Genetic flaw might be key to stopping people craving sugary treats – study

The researchers found that changes in the ability to digest dietary sucrose (sugar) can influence someone’s intake, and preference, for sucrose-rich foods (Steve Parsons/PA) - (PA Archive)

Scientists have identified a genetic mutation which may be the key to stopping people from craving sugary treats.

The findings open up the possibility of developing treatments to target the gene in order to help curb population-wide sugar intake.

According to the study, people who lacked a specific gene, called sucrase-isomaltase (SI), ate fewer sugary foods, while those who had a partially functional SI gene liked sucrose-rich foods less.

The researchers found that changes in the ability to digest dietary sucrose (sugar) can influence someone’s intake, and preference, for sucrose-rich foods.

Our study suggests that genetic variation in our ability to digest dietary sucrose may impact not only how much sucrose we eat, but how much we like sugary foods

Dr Peter Aldiss

Dr Peter Aldiss, now a group leader in the School of Medicine at the University of Nottingham, said: “Excess calories from sugar are an established contributor to obesity and type 2 diabetes.

“In the UK, we consume 9-12% of our dietary intake from free sugars, such as sucrose, with 79% of the population consuming up to three sugary snacks a day.

“At the same time, genetic defects in sucrose digestion have been associated with irritable bowel syndrome, a common functional disorder affecting up to 10% of the population.

“Now, our study suggests that genetic variation in our ability to digest dietary sucrose may impact not only how much sucrose we eat, but how much we like sugary foods.”

The team of experts began by investigating dietary behaviour in mice lacking the SI gene.

They found that the animals developed a rapid reduction in sugar intake, and preference.

This was confirmed in two large population-based studies involving 6,000 people in Greenland and 134,766 in the UK BioBank.

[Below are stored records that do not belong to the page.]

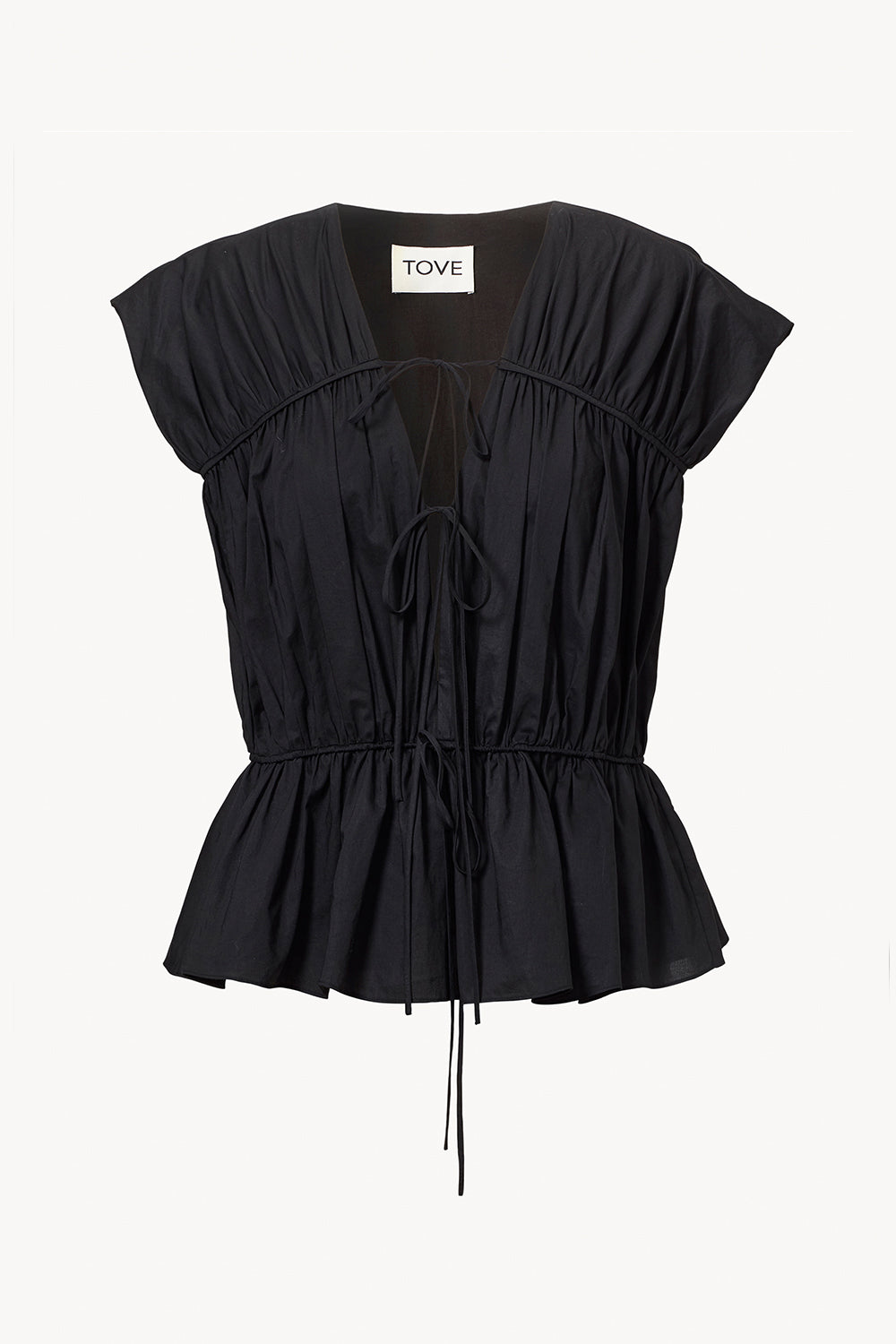 Thea Organic Cotton Gathered Sleeveless Top Black
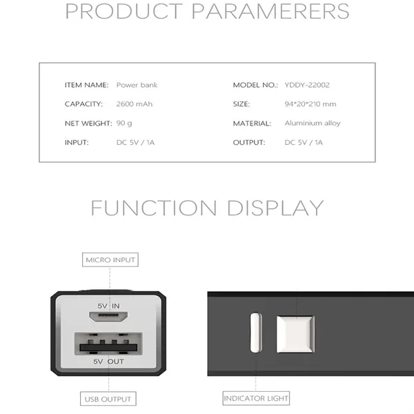 Description:Power Bank Usb Cable Quick Charge Mini 2600 Mah Power Banks. Introducing our Mini 2600mAh Power Bank, the ultimate portable charging solution for your on-the-go lifestyle! Compact and lightweight, this sleek power bank fits effortlessly into your pocket or bag, ensuring you stay powered up wherever you are. Equipped with Quick Charge technology, it delivers rapid charging for your devices, reducing downtime and keeping you connected. The included USB cable makes charging a breeze, allowing you to power up your smartphone, tablet, or other USB-enabled devices in no time. Whether you’re traveling, at work, or just out and about, this mini power bank is a must-have accessory. Its stylish design and reliable performance make it perfect for anyone who values convenience and efficiency.
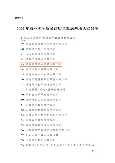 安糧實(shí)業(yè)獲評(píng)農(nóng)業(yè)國(guó)際貿(mào)易高質(zhì)量發(fā)展基地
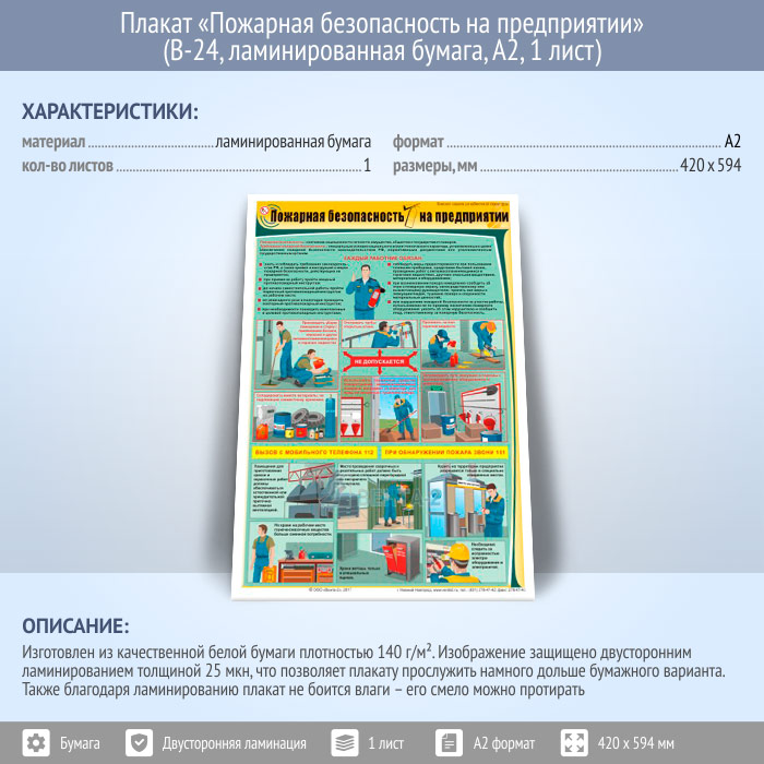 Плакат «Пожарная безопасность на предприятии» (В-24, ламинированная бумага, А2, 1 лист) в Ачинске купить

They found that people with a complete inability to digest dietary sucrose in Greenland consumed significantly less sucrose-rich foods, while those with a defective, partially functional SI gene in the UK liked sucrose-rich foods less.

Dr Aldiss added: “These findings suggest that genetic variation in our ability to digest dietary sucrose can influence our intake, and preference, for sucrose-rich foods whilst opening up the possibility of targeting SI to selectively reduce sucrose intake at the population level.

“In the future, understanding how defects in the SI gene act to reduce the intake, and preference, of dietary sucrose will facilitate the development of novel therapeutics to help curb population-wide sucrose intake to improve digestive and metabolic health.”

The study, led by Dr Aldiss, alongside Assistant Professor Mette K Andersen, at the Novo Nordisk Foundation Centre for Basic Metabolic Research in Copenhagen and Professor Mauro D’Amato at CIC bioGUNE in Spain and LUM University in Italy, is published in the Gastroenterology journal.